This summer, indeed this past year, we’ve been reminded of our Otherness again and again. We have been reminded by well-meaning non-Jews who cannot relate to our experience, and by extremists in our own camp we’d sooner avoid. We have a choice before us, Avram’s choice: we could try to make a go of it and convince ourselves and them that we aren’t different. Or, to borrow a shopworn phrase, we could ‘lean in’ to our otherness, and become the blessing we are meant to be. That means leaving our comfort zones. That means speaking out against injustice wherever we see it; the soft bigotry of the European-American left, and the hard bigotry of the Ultra-Nationalist Right. We must challenge the false equivalencies of Zionism and Racism, but we must also work to combat the bigots in our midst who would maintain a status quo that satisfies no one: not the Jew, not the Palestinian, not the woman, not the young person asked to protect his country. We must own Zionism, and not let others define what that means for us.
What must we do? We have our own elections next week where we can make our voices—our progressive voices—heard. And The World Zionist Organization elections begin next month. The WZO sets the policy of the Jewish Agency—including financial policies, and it is essential that our progressive voice is heard. I encourage you to register and vote for ARZA, the Reform Movement’s Zionist organization, to promote our progressive values. And it’s not just about voting; when our kids come home challenged by a social studies project that casts Israel in a bad light, when we hear the voice of the disempowered in our own community grow ever fainter, when we see poverty and violence snuff out any hope in this world, when we see our fellow Jews attempt to enforce some romanticized version of Orthodoxy as a way of ‘keeping the peace’, we must act.  It isn’t enough to hold anxiously to our values here within our own House; we need to bring that forward to the community around us.
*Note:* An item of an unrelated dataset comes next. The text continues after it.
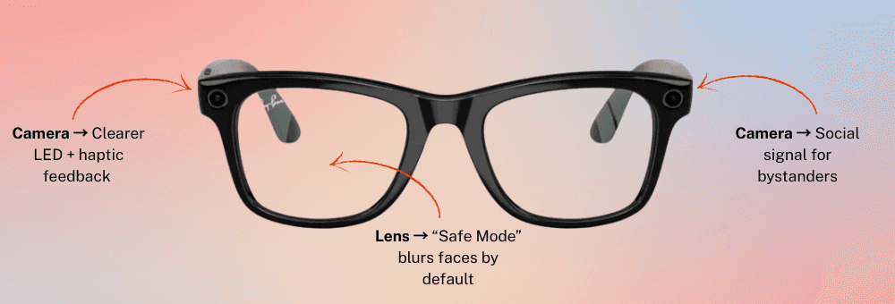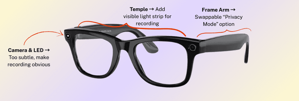 Proposed improvements include clearer recording indicators, haptic and audible feedback, and swappable ‘Privacy Mode’ arms to reassure both wearers and bystanders.

To be a Blessing is not easy; the challenges are legion, and there are days when it would just be easier to nod and smile. But like Avram our father and the Zionists of old, we are called to a journey—from ease to action, from comfort to justice, from darkness to light. May we find our way together on this journey, and may each of us strive to be a blessing. Amen. 

Tuesday, October 28, 2014

Noah and Anxiety: or what happens when we focus on the wrong thing

This past week's sermon!

So I’m at the JCC working on my elliptical and the person to the left of me, a longtime acquaintance, starts gesturing at the TVs. “Ah, I hate it! I hate coming in and seeing these things. It puts me in a bad mood all day.”
She was not angry at TVs themselves, mind you. The electrical rectangles hadn’t done anything to offend her personally. It was, rather, the content on those screens. CNN, Fox News, MSNBC. And what were they showing? We’re all going to die of Ebola. That is, assuming ISIS doesn’t get us first. Or perhaps the various citizens and civil servants of Ferguson? Or the Russian army? Each screen with its own brand and style of hyperventilation, each filling the air with nothing but anxiety and, frankly, nonsense. But there it is, staring us in the face, trying to rile us up to be equally anxious consumers of more anxiety. So we steep in it, increasingly convinced that the world is falling apart, that things are worse than they used to be, that everything is failing around us. So even if we don’t become anxious ourselves, we become cynical, convinced that no good can come of it, that any solution proposed is meaningless, hype, defective in some way, or detrimental; that in fact doing some good is worse than doing nothing.
We are convinced that the sky is falling, or at least there are those working very hard to convince us that the sky is falling. At the same time, we’re being told that there’s nothing to do, nor nothing we can do, about the injustice, inequality or environmental issues that we are facing. Our voices are too small, our actions are empty, our capacity limited. As Leonard Cohen growls, “everybody knows the war is over, everybody knows the good guys lost.”
Well if that’s really the state of the world, I don’t believe it. I think that’s the product news media wants to sell us—crises increase ratings, after all. This isn’t to say the world is sunshine, lollipops and rainbows, either; of course we have our challenges, and those challenges are real. But I, for one, am tired of being told the problems are too big, the solutions too grandiose. And I am tired of manufactured crises that obfuscate real challenges in our world.
In the Torah portion for this week, in parashat Noach, humanity faced a real crisis: “The earth became corrupt before God; the earth was filled with violence.  When God saw how corrupt the earth was, for all flesh had corrupted its ways on earth,  God said to Noah, "I have decided to put an end to all flesh, for the earth is filled with lawlessness because of them: I am about to destroy them with the earth.” Again, we focus on the wrong thing—we are distracted by the Mabul, the flood that will come; we don’t look at the cause of that flood. The problem wasn’t the weather; the problem was the violence—Hamas, by the way, is the word used—in the land.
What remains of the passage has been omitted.